(Beginning of DATASET)

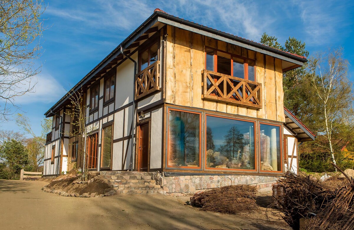 Dom zaprojektowany został w nadmorskim klimacie z dbałością o każdy detal. Pomieści sześć osób. Posiada jedną sypialnie z podwójnym, dużym łóżkiem oraz antresolę. Otwarty salon składa się z rozkładanej sofy, pełniącej funkcję noclegową dla dwóch osób, dużego stołu jadalnianego oraz wyposażonego aneksu kuchennego z lodówką, zmywarką i piekarnikiem. W domku jest również kominek, z którego można korzystać w okresie jesiennym – od września. Na zewnątrz jest duży taras oraz prywatny grill.
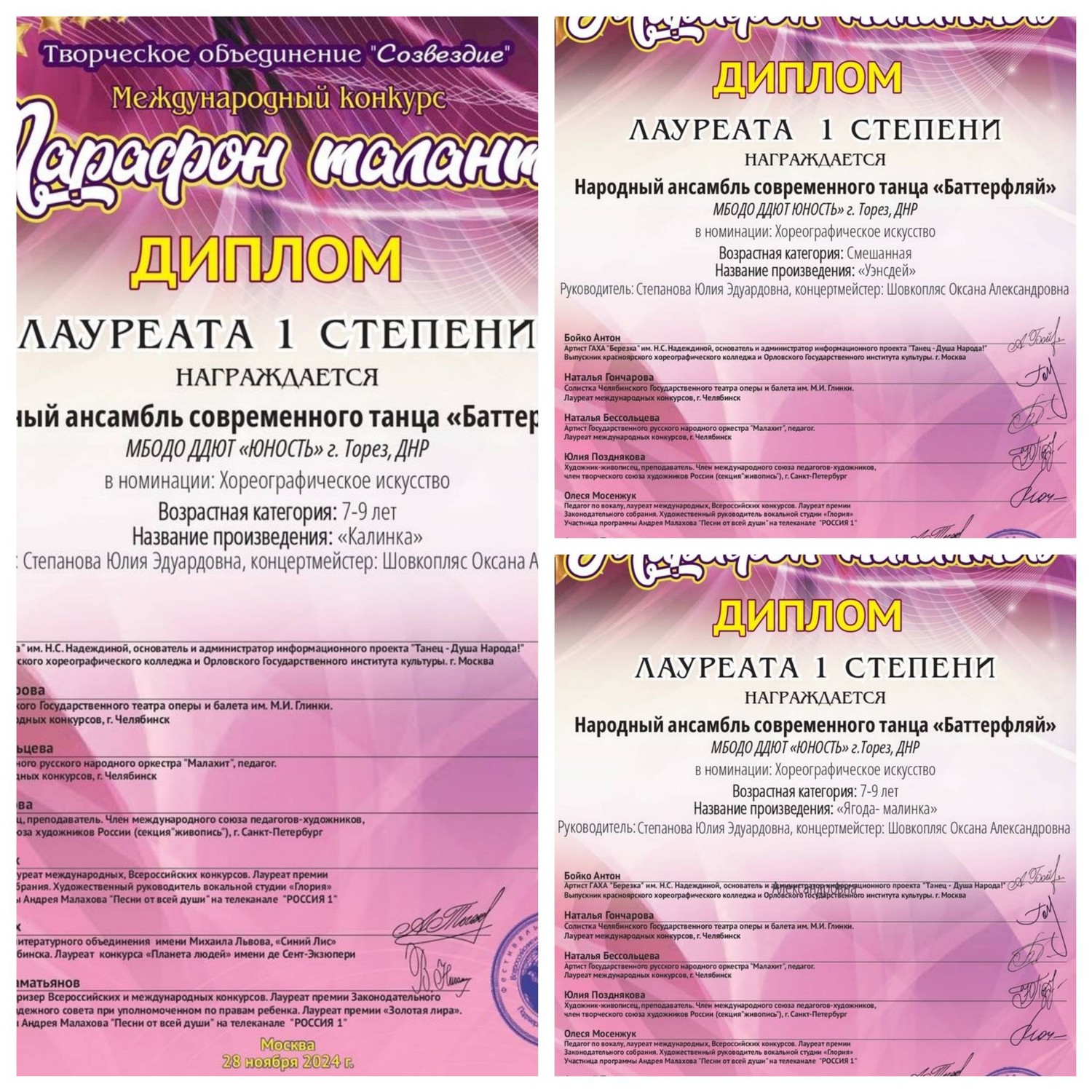 28.11.2024 г. три возрастные группы Народного ансамбля современного танца "Баттерфляй" приняли участие в Международном конкурсе "Марафон талантов" от творческого объединения "Созвездие" (г. Москва"). Все номера программы были по достоинству оценены профессиональным жюри. Лауреат 1-й степени- композиция "Калинка" (младшая группа) Лауреат 1-й степени- композиция "Уэнсдей" (старшая группа) Лауреат 1-й степени- композиция "Ягода- малинка" (средняя группа). Поздравляем наших танцоров с заслуженной победой! Не останавливайтесь на достигнутом! Ждём новых побед! | |
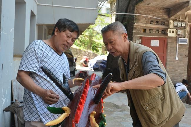 家住鎮(zhèn)遠(yuǎn)縣?陽鎮(zhèn)東關(guān)社區(qū)的皇安東,今年68歲,雖然年近古稀,但精氣神堪比五十來歲的中年人,皇安東介紹由于個(gè)人愛好,8歲時(shí)與龍舟接下了深厚的情緣,對“龍”文化研究的執(zhí)著像一如往日對戀愛的投入充滿激情和憧憬一樣,經(jīng)過60多年的龍舟文化研究探索,他手工雕刻的龍頭威武靈動(dòng)融匯鎮(zhèn)遠(yuǎn)傳統(tǒng)文化精髓,“鎮(zhèn)遠(yuǎn)賽龍舟”已被列為國家非物質(zhì)文化遺產(chǎn)項(xiàng)目名錄。皇安東49歲開始自學(xué)雕刻龍頭,鎮(zhèn)遠(yuǎn)端午節(jié)每年祭祀用的龍頭幾乎出自他手,雕刻的龍頭已上數(shù)百頭。當(dāng)筆者提到皇安東為何歷經(jīng)六十多年對雕龍頭的“手藝”癡心不改時(shí),他笑著爽朗地說:“我一生雕龍頭,主要的精神動(dòng)力是對鎮(zhèn)遠(yuǎn)傳統(tǒng)龍舟文化的熱愛和傳承。”皇安東一家人整天在“龍”的藝術(shù)空間里過得有滋有味。
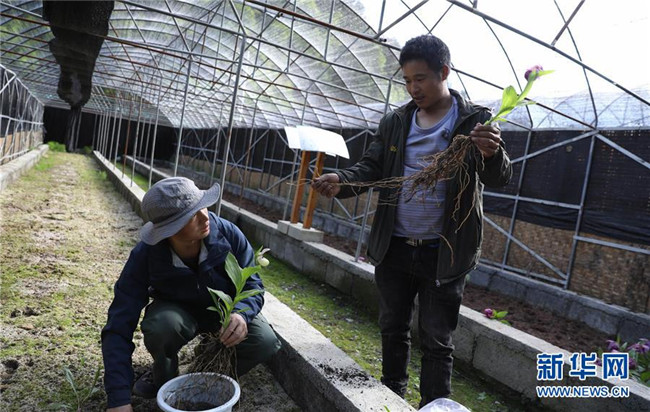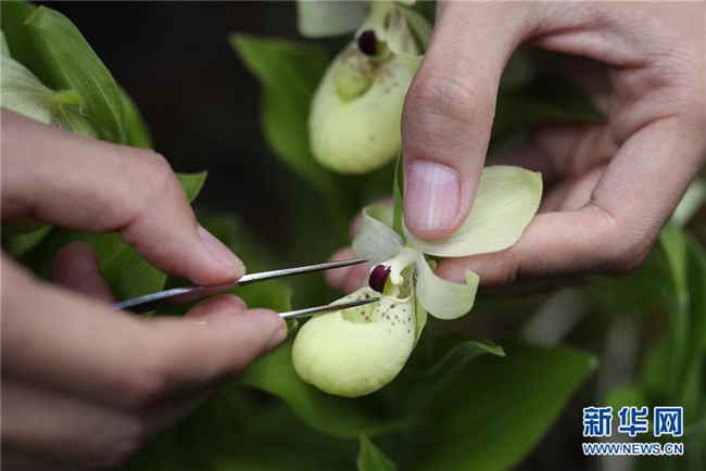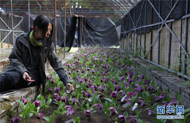 6月12日,在四川黃龍管理局花卉培育基地,四川黃龍自然保護(hù)區(qū)的高級(jí)顧問(wèn)干文清在給人工保育的杓蘭標(biāo)注標(biāo)識(shí)。  新華社記者江宏景攝
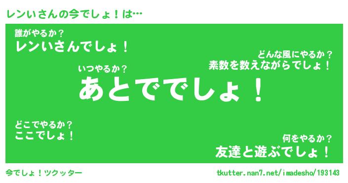 | ヘコむあだ名 | 『レンもー』『つくし』『レンっ子』 |
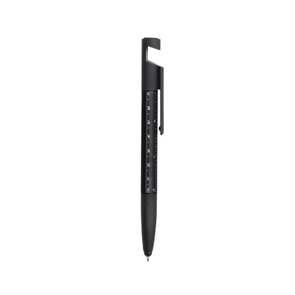 7-in-1 ball pen with twist mechanism in a wide range of bright tones. With holder for mobile device, pointer, screen cleaner, built-in ruler -cm and inches-, flat-head and cross-head screwdrivers. Blue ink.
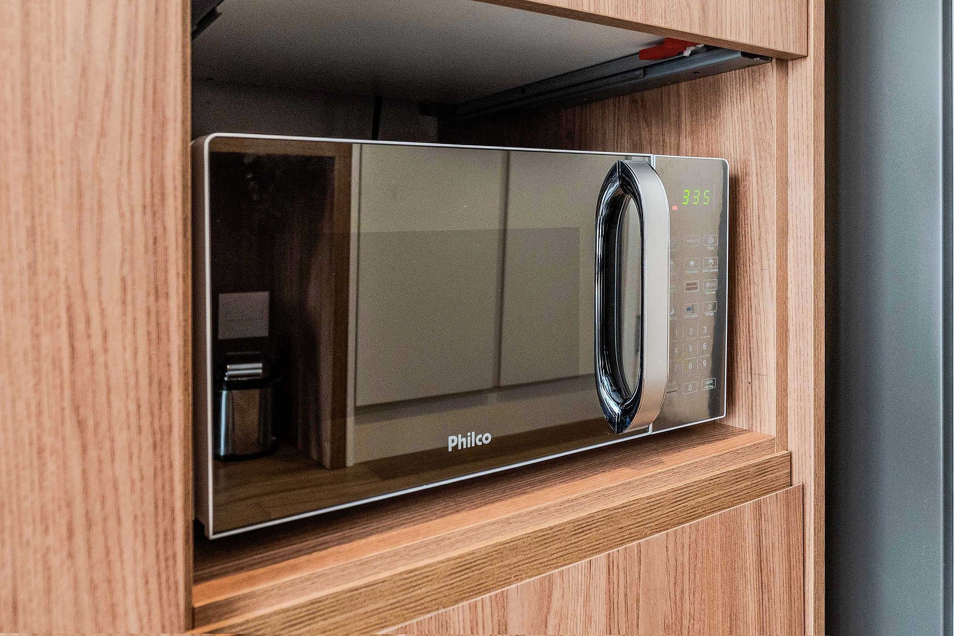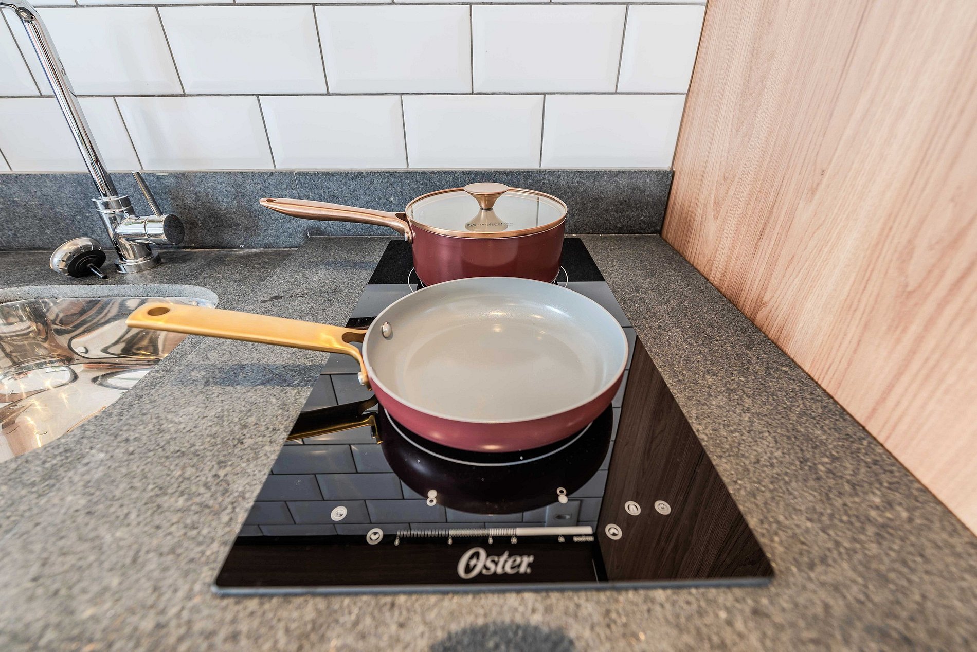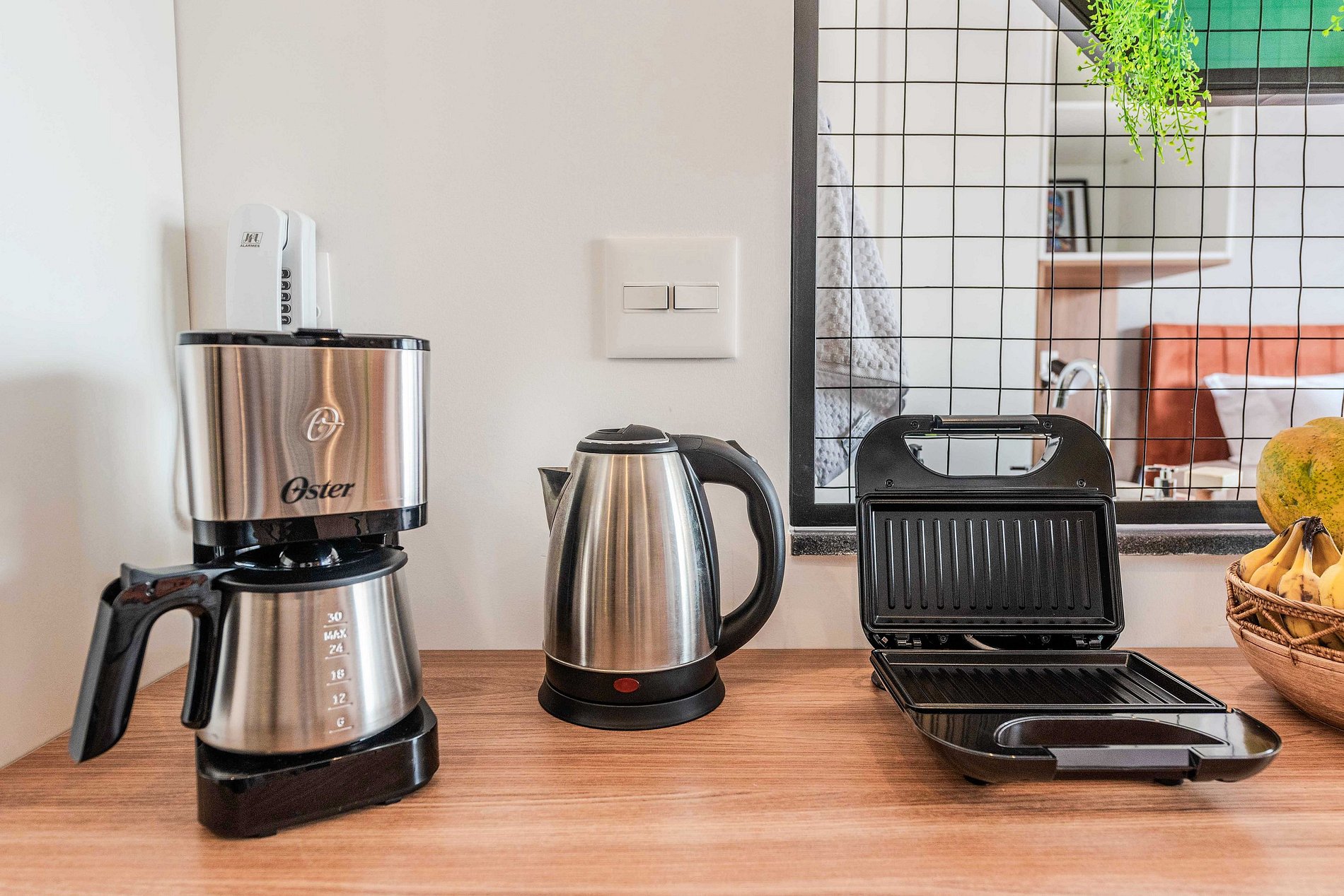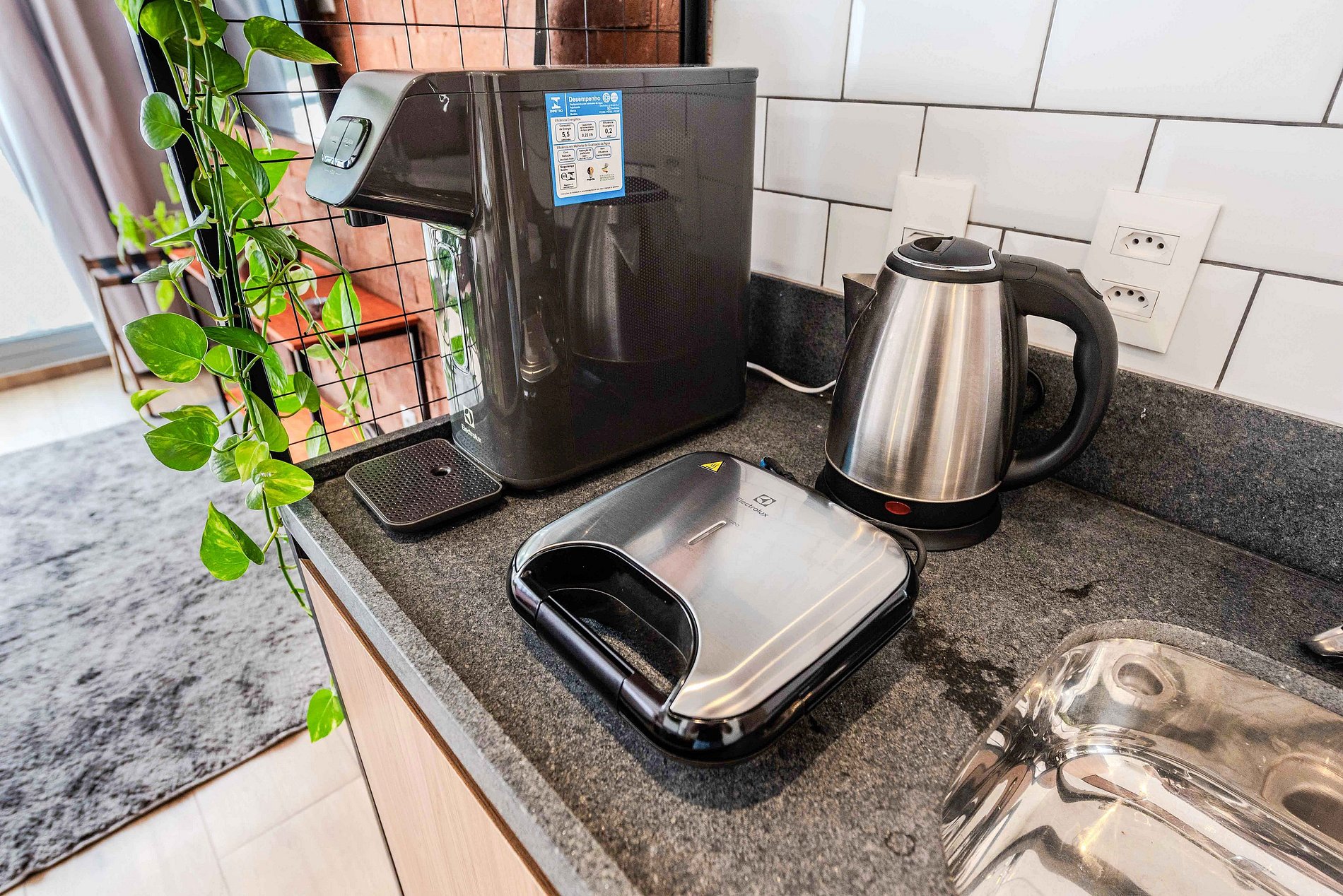 O studio combina design industrial com conforto e funcionalidade. Conta com cama queen size, Smart TV, internet de alta velocidade, sofá, mesa de trabalho e cozinha completa com cooktop de indução, geladeira inox, micro-ondas e utensílios essenciais. Ar-condicionado central, cortinas blackout. A varanda privativa oferece vista para a região de Pinheiros e Vila Madalena. O POP Grafite tem arquitetura assinada pela Triptyque e oferece piscina e academia na cobertura com vista panorâmica. No térreo, o coworking é ideal para trabalho e networking.

(End of DATASET)

→ WHAT YOU ARE ASKED TO DO
Pictures aside, repeat every entry exactly as written.

→ RESULT OF THE EXERCISE
 Dom zaprojektowany został w nadmorskim klimacie z dbałością o każdy detal. Pomieści sześć osób. Posiada jedną sypialnie z podwójnym, dużym łóżkiem oraz antresolę. Otwarty salon składa się z rozkładanej sofy, pełniącej funkcję noclegową dla dwóch osób, dużego stołu jadalnianego oraz wyposażonego aneksu kuchennego z lodówką, zmywarką i piekarnikiem. W domku jest również kominek, z którego można korzystać w okresie jesiennym – od września. Na zewnątrz jest duży taras oraz prywatny grill.
 28.11.2024 г. три возрастные группы Народного ансамбля современного танца "Баттерфляй" приняли участие в Международном конкурсе "Марафон талантов" от творческого объединения "Созвездие" (г. Москва"). Все номера программы были по достоинству оценены профессиональным жюри. Лауреат 1-й степени- композиция "Калинка" (младшая группа) Лауреат 1-й степени- композиция "Уэнсдей" (старшая группа) Лауреат 1-й степени- композиция "Ягода- малинка" (средняя группа). Поздравляем наших танцоров с заслуженной победой! Не останавливайтесь на достигнутом! Ждём новых побед! | |
 家住鎮(zhèn)遠(yuǎn)縣?陽鎮(zhèn)東關(guān)社區(qū)的皇安東,今年68歲,雖然年近古稀,但精氣神堪比五十來歲的中年人,皇安東介紹由于個(gè)人愛好,8歲時(shí)與龍舟接下了深厚的情緣,對“龍”文化研究的執(zhí)著像一如往日對戀愛的投入充滿激情和憧憬一樣,經(jīng)過60多年的龍舟文化研究探索,他手工雕刻的龍頭威武靈動(dòng)融匯鎮(zhèn)遠(yuǎn)傳統(tǒng)文化精髓,“鎮(zhèn)遠(yuǎn)賽龍舟”已被列為國家非物質(zhì)文化遺產(chǎn)項(xiàng)目名錄。皇安東49歲開始自學(xué)雕刻龍頭,鎮(zhèn)遠(yuǎn)端午節(jié)每年祭祀用的龍頭幾乎出自他手,雕刻的龍頭已上數(shù)百頭。當(dāng)筆者提到皇安東為何歷經(jīng)六十多年對雕龍頭的“手藝”癡心不改時(shí),他笑著爽朗地說:“我一生雕龍頭,主要的精神動(dòng)力是對鎮(zhèn)遠(yuǎn)傳統(tǒng)龍舟文化的熱愛和傳承。”皇安東一家人整天在“龍”的藝術(shù)空間里過得有滋有味。
 6月12日,在四川黃龍管理局花卉培育基地,四川黃龍自然保護(hù)區(qū)的高級(jí)顧問(wèn)干文清在給人工保育的杓蘭標(biāo)注標(biāo)識(shí)。  新華社記者江宏景攝
 | ヘコむあだ名 | 『レンもー』『つくし』『レンっ子』 |
 7-in-1 ball pen with twist mechanism in a wide range of bright tones. With holder for mobile device, pointer, screen cleaner, built-in ruler -cm and inches-, flat-head and cross-head screwdrivers. Blue ink.
 O studio combina design industrial com conforto e funcionalidade. Conta com cama queen size, Smart TV, internet de alta velocidade, sofá, mesa de trabalho e cozinha completa com cooktop de indução, geladeira inox, micro-ondas e utensílios essenciais. Ar-condicionado central, cortinas blackout. A varanda privativa oferece vista para a região de Pinheiros e Vila Madalena. O POP Grafite tem arquitetura assinada pela Triptyque e oferece piscina e academia na cobertura com vista panorâmica. No térreo, o coworking é ideal para trabalho e networking.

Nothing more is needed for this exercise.